# [TRY IT]
Look in the listing below for the line that has "Coppia di vedute", then return it and each following line up to and including the one with "Personal- und Vorlesungsverzeichnis", exactly and without pictures.

# [DATA FOR PROCESSING]
○ ○ ○ ○ ○ ○ ○

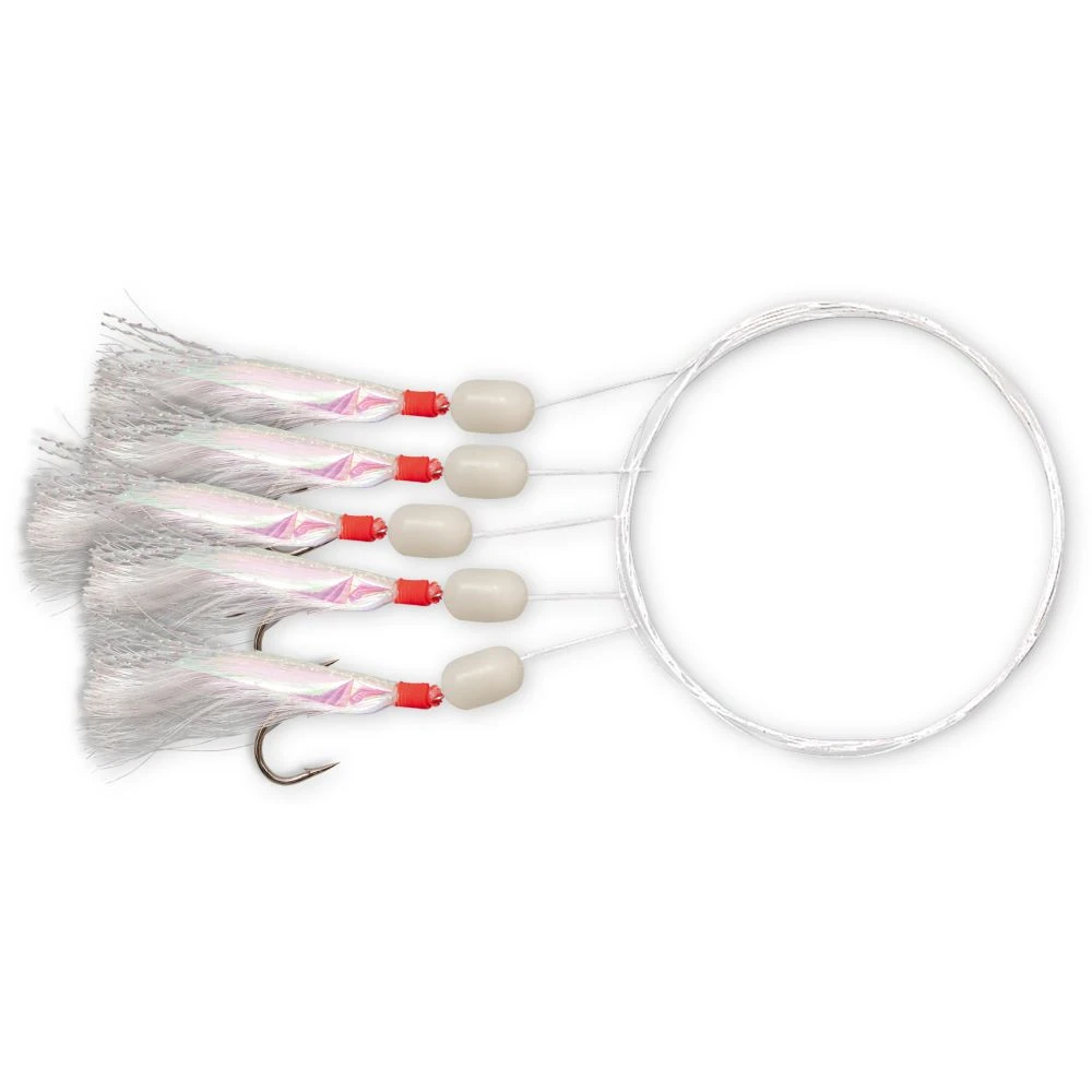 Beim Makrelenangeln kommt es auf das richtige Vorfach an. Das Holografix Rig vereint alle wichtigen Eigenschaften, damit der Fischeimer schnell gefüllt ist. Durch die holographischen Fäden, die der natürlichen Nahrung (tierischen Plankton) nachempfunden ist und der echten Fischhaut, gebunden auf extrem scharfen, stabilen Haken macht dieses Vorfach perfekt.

○ ○ ○ ○ ○ ○ ○

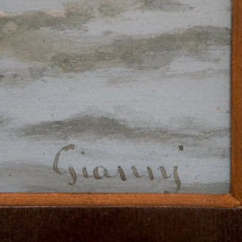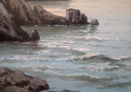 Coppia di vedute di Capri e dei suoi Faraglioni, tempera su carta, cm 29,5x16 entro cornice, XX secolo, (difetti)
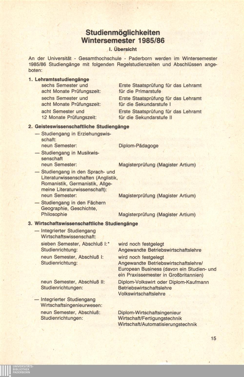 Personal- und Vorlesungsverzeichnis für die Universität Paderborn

○ ○ ○ ○ ○ ○ ○

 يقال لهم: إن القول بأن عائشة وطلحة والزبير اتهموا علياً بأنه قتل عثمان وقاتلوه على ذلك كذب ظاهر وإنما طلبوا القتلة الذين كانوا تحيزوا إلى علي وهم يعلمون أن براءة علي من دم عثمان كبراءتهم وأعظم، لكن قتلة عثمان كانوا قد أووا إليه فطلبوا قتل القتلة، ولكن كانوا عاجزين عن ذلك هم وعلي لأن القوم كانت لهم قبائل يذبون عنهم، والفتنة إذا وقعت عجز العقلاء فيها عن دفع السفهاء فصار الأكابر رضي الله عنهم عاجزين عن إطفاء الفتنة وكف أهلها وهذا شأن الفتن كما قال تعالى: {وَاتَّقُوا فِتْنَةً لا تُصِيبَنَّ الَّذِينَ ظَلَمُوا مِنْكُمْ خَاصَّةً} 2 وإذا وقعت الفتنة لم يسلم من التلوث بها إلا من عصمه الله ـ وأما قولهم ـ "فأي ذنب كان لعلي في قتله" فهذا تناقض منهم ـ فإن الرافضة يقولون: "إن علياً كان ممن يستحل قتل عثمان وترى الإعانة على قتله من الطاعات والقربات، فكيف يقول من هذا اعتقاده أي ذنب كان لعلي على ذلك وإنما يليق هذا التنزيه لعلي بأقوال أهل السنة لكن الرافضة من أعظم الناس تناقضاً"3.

○ ○ ○ ○ ○ ○ ○

# [FINAL ANSWER]
 Coppia di vedute di Capri e dei suoi Faraglioni, tempera su carta, cm 29,5x16 entro cornice, XX secolo, (difetti)
 Personal- und Vorlesungsverzeichnis für die Universität Paderborn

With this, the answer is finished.